Academic journal article Journal of the Illinois State Historical Society

Editor's Page

Academic journal article Journal of the Illinois State Historical Society

Editor's Page

Article excerpt

THE FALL ISSUE OF THE JOURNAL OFFERS three articles covering diverse aspects of Illinois' history. In "Illinois Germans and the Coming of the Civil War: Reshaping Ethnic Identity," Christina Bearden-White uses German-language sources to examine the complex issue of German identity in the Prairie State during the mid-nineteenth century. Illinois, like other parts of the U.S., experienced a large influx of German immigrants beginning in the late 1840s.
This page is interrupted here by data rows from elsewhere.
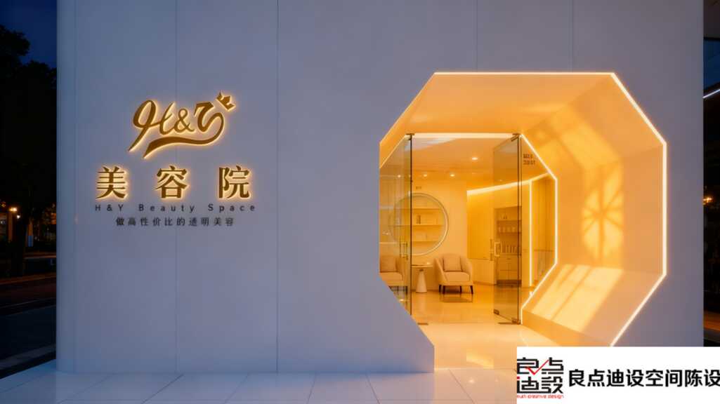 先從門頭說起吧。純白色極簡外墻,配上燙金質(zhì)感的“美容院”和英文標(biāo)識,那種高級感,瞬間就和街邊店拉開了距離。***吸睛的是它的門頭造型,不是那種方方正正的老套路,而是用了不規(guī)則的幾何切割設(shè)計,線條流暢又充滿現(xiàn)代藝術(shù)感。等到夜幕降臨,暖黃色的燈帶順著輪廓亮起,整個門面就像一件發(fā)光的雕塑,溫馨又格外抓人眼球。別說顧客了,我路過都忍不住想拍兩張打卡!這辨識度,在整條街上都是獨一份。
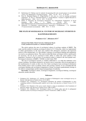 4. Проданцов К.С., Храмова М.В. Социологическая культура педагога: место и роль в системе педагогического образования / К.С. Проданцов, М.В. Храмова // Психолого-педагогический журнал Гаудеамус. - 2023. - Т. 22. - № 2. - С. 23-35. EDN: RSFIOS
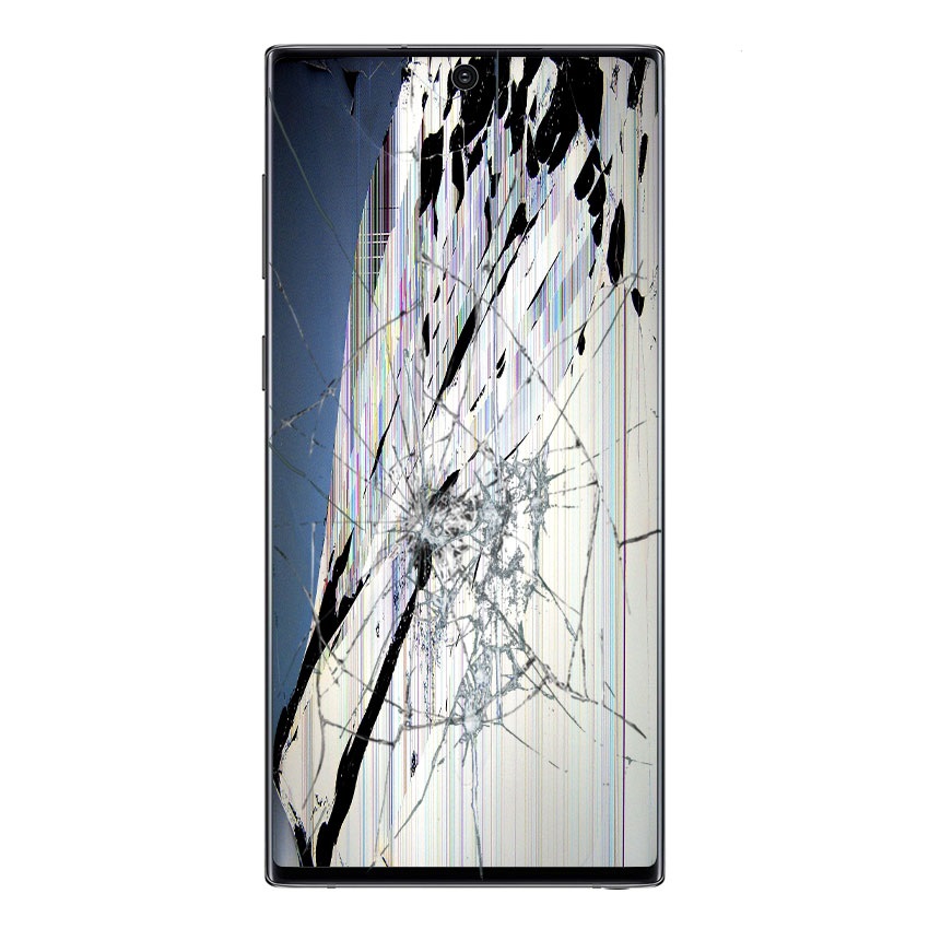• Your Samsung Galaxy Note 10 looks like in the picture? If the Touchscreen doesn't react or it is badly damaged and the LCD screen displays unusual artefacts or doesn't work at all, than your device needs a LCD and Touch Screen repair.

According to Bearden-White, Illinois Germans, unlike those arriving elsewhere, largely overcame the religious and political divisions that plagued German American communities in the antebellum era. The settlement patterns of Germans in Illinois contributed to this development, but the real crucible seems to have been the national political debate over slavery's expansion westward. The coming of the Civil War, and the rapid formation of German regiments, solidified a new sense of German pride and nationalism among Illinois' German communities.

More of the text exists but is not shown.